• [Exercise directions]
Copy, word for word, the lines below from the one containing "있다고 이야기를 하는데" up to and including the one containing "Match: Newcastle United", with pictures left out.

▽

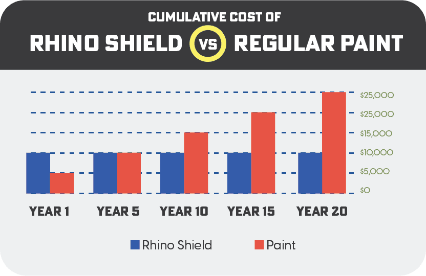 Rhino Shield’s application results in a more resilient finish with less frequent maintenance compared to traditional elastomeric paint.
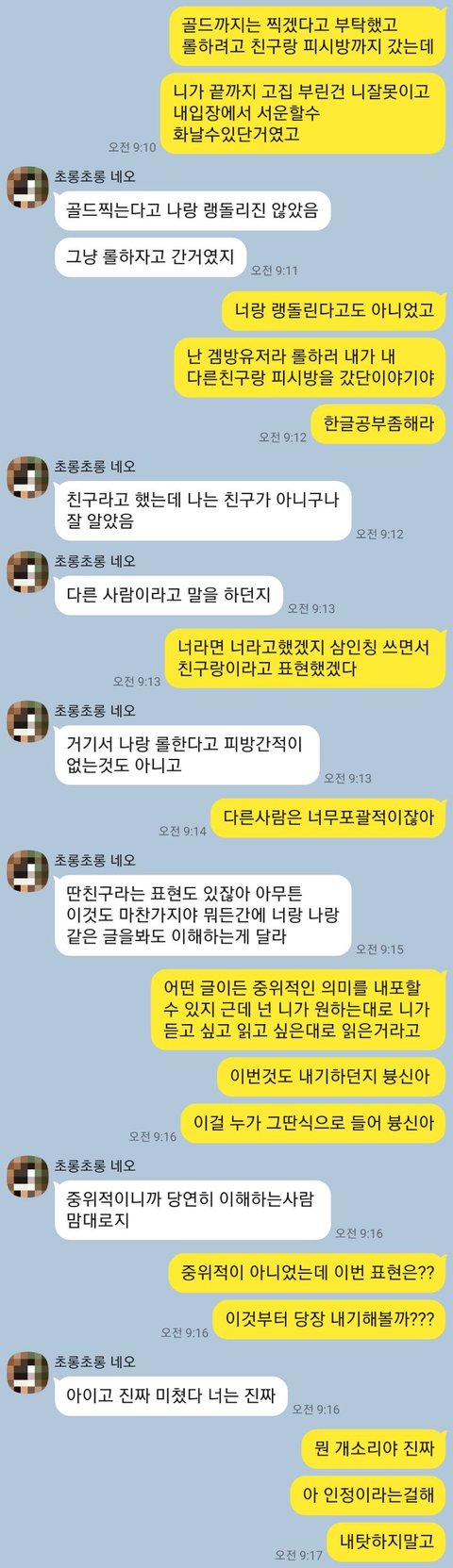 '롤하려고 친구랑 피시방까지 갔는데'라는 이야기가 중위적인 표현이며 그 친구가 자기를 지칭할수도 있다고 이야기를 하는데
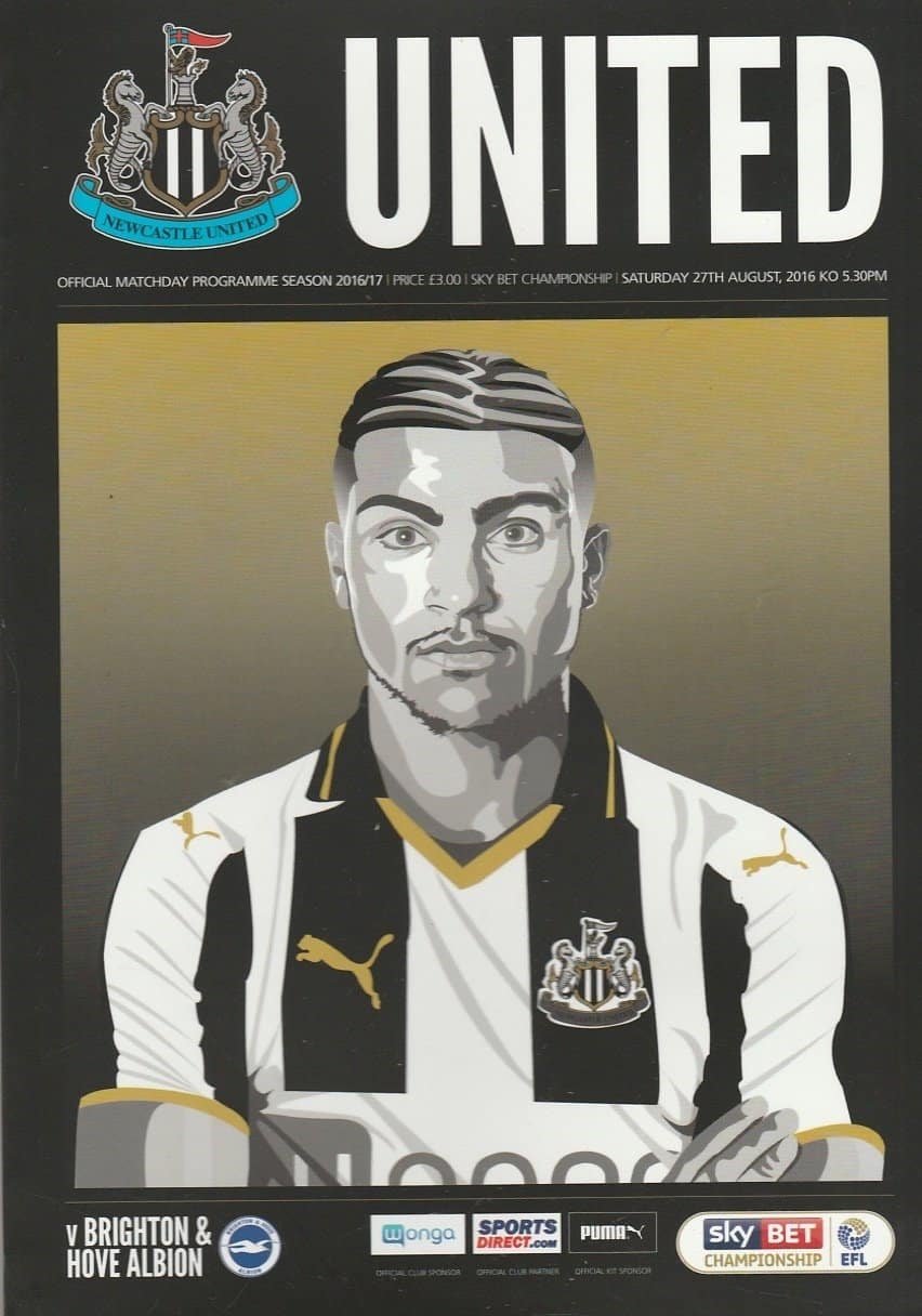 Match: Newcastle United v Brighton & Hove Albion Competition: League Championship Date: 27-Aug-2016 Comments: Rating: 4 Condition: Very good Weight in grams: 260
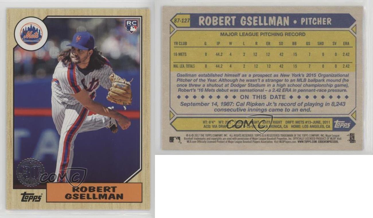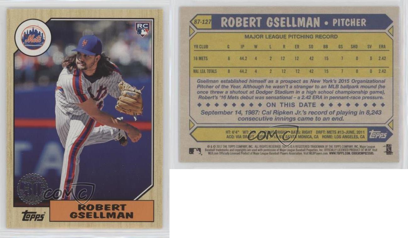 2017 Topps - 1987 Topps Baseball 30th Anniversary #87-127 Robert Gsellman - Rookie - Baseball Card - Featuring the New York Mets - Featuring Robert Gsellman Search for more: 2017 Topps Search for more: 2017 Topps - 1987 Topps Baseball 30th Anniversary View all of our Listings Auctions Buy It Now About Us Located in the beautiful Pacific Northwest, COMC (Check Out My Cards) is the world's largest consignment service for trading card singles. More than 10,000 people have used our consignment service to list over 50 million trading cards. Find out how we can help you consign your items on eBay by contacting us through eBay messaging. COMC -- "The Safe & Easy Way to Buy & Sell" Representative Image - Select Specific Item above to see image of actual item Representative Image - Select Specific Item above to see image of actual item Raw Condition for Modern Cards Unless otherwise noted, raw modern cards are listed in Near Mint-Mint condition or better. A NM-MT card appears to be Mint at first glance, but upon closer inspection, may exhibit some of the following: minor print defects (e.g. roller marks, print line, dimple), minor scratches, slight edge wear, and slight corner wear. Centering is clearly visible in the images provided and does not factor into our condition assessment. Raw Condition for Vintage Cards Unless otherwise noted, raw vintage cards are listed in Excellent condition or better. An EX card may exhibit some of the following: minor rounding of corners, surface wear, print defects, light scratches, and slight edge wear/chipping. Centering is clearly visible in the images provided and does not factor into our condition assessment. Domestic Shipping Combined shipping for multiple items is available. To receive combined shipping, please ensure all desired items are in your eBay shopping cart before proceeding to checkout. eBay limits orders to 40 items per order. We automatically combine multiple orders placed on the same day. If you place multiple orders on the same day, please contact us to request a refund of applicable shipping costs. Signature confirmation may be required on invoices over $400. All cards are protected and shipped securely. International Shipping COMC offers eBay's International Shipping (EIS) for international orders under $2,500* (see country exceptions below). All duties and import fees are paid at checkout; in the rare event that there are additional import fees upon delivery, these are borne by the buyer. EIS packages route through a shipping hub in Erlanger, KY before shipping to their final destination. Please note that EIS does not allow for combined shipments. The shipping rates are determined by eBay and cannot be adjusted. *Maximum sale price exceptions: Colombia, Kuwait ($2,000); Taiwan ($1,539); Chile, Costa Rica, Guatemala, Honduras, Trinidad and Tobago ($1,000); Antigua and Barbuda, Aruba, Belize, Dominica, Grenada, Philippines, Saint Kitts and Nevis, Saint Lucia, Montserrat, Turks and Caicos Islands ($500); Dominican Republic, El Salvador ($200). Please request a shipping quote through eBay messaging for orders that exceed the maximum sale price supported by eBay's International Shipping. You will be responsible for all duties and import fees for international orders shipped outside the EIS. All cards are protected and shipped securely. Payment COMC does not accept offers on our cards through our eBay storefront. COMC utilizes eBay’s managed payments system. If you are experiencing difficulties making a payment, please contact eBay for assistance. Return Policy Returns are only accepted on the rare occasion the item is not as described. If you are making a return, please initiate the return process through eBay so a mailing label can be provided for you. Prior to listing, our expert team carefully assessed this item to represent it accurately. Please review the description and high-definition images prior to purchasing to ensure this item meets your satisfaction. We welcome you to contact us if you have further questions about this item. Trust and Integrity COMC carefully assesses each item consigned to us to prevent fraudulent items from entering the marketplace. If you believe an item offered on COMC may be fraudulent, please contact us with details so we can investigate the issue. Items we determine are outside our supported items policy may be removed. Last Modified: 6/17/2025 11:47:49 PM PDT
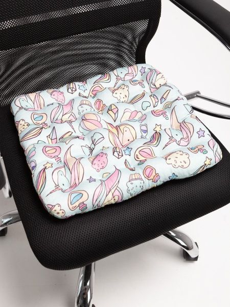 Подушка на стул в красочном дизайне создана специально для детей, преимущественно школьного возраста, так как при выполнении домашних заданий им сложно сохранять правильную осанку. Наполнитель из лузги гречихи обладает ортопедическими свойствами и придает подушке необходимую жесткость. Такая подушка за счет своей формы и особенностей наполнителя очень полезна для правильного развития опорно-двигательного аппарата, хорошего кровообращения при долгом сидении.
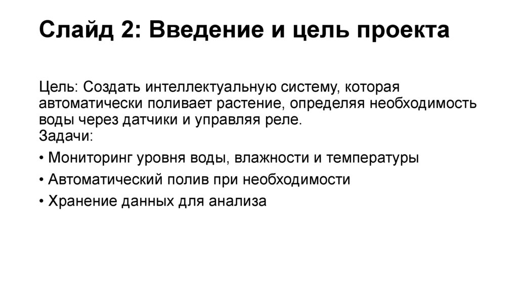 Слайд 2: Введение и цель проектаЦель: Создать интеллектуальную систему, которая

△

• [Reply]
 '롤하려고 친구랑 피시방까지 갔는데'라는 이야기가 중위적인 표현이며 그 친구가 자기를 지칭할수도 있다고 이야기를 하는데
 Match: Newcastle United v Brighton & Hove Albion Competition: League Championship Date: 27-Aug-2016 Comments: Rating: 4 Condition: Very good Weight in grams: 260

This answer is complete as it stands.